The accompanying financial statements have been prepared on a basis that assumes that the Company will continue as a going concern and that contemplates the continuity of operations, realization of assets and the satisfaction of liabilities and commitments in the normal course of business. The Company has incurred losses since inception in devoting substantially all of its efforts toward research and development and has an accumulated deficit of $59,165,963 at December 31, 2014. During the year ended December 31, 2014, the Company generated a net loss of $8,106,395 and the Company expects that it will continue to generate operating losses for the foreseeable future.

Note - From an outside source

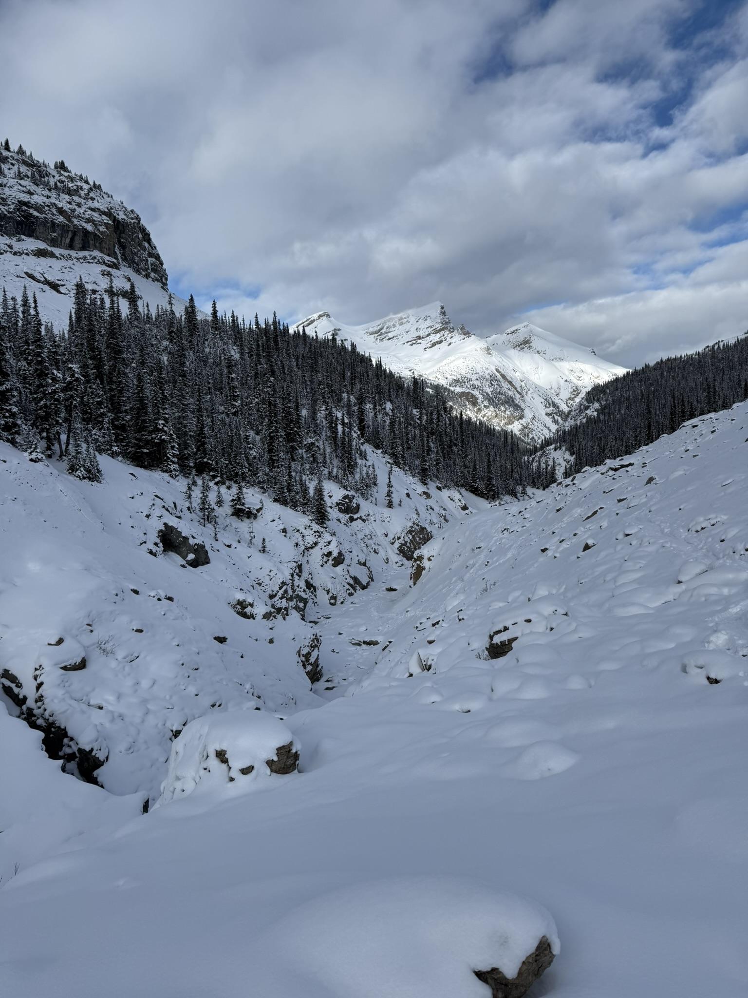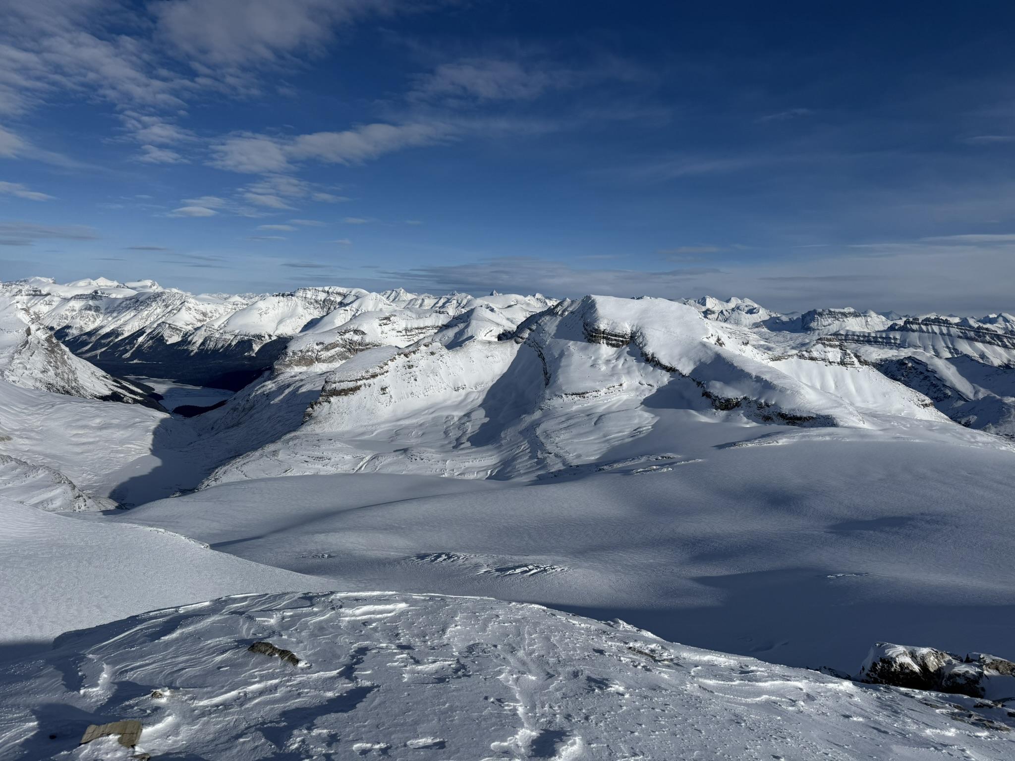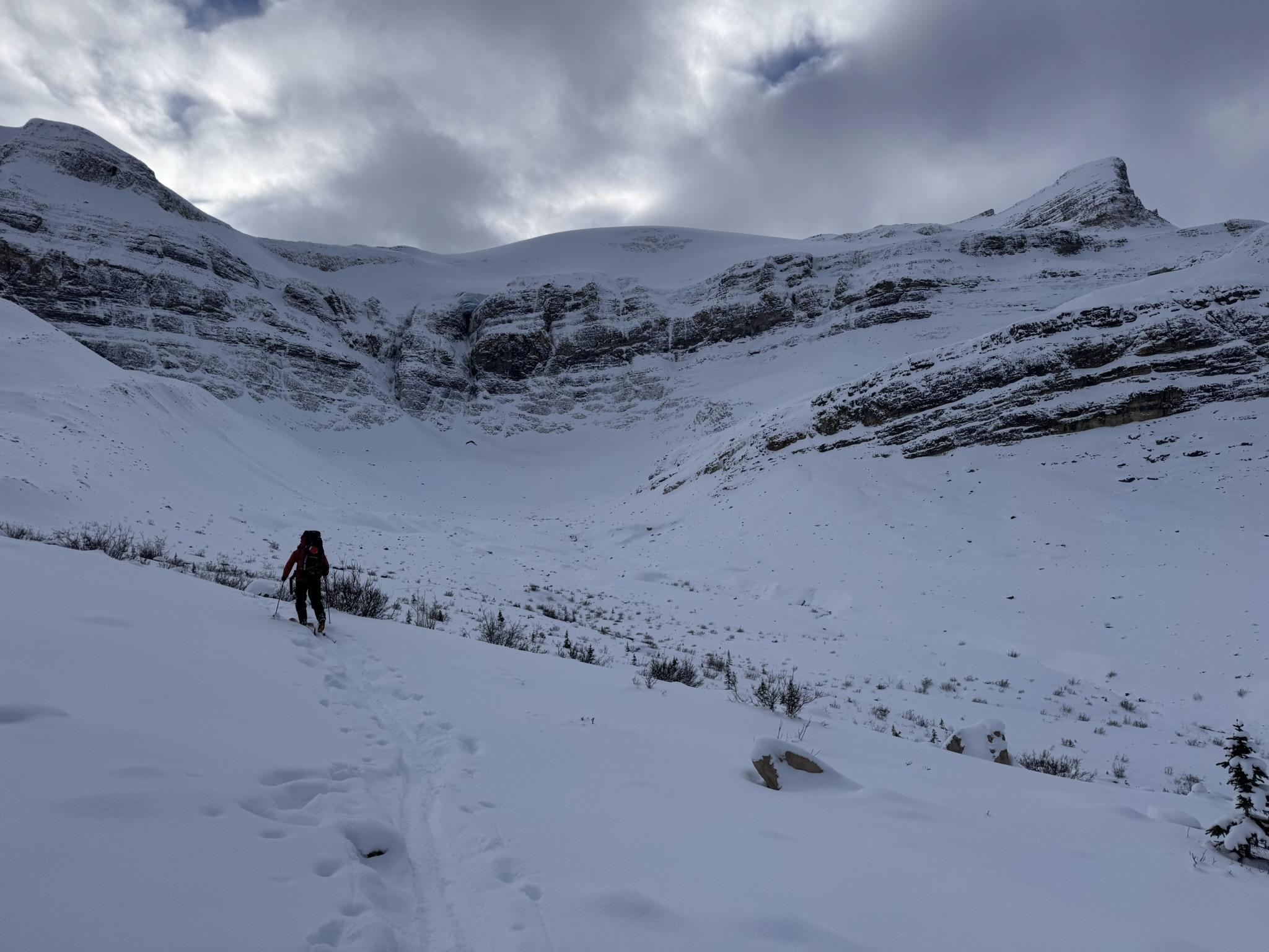 Jasper Visitor Safety took an early season trip to the Bow Hut to investigate alpine conditions. Up to 2000m was low tide with a HS of 20cm. ~2100-2200m HS of 40-50cm. The ice around the edge of the lake and in the canyon is still very thin and challenging. There are sections of exposed rocks and boulders so to avoid shredding skins or skis too much we opted for some boot packing. Roughly a HS of 50-60cm at Bow Hut. In short, the approach is rugged; we wouldn’t recommend the Bow Hut as a ski destination just yet.

On February 6, 2014, we completed a private placement of convertible debentures and warrants for gross proceeds of $4,000,000 (the “February 2014 Private Placement”). On August 20, 2014, we completed an underwritten public offering of common shares and warrants to purchase common shares for gross proceeds of $13,475,832 (the “August 2014 Underwritten Offering”); additionally, all holders of the debentures and warrants issued in the February 2014 Private Placement elected to participate in the August 2014 Underwritten Offering, resulting in the extinguishment of the February 2014 Private Placement debentures and warrants in exchange for 1,109,690 shares of the Company’s common stock and warrants to purchase 1,109,690 shares of common stock at $4.68 per share (see Note 8). The Company believes that its cash balance at December 31, 2014 is adequate to fund operations at budgeted levels through September 2015. The Company’s ability to execute its operating plan beyond September 2015 depends on its ability to obtain additional funding via the sale of equity and/or debt securities, a strategic transaction or otherwise. The Company plans to continue to actively pursue financing alternatives, but there can be no assurance that it will obtain the necessary funding. The accompanying financial statements do not include any adjustments that might result from the outcome of this uncertainty.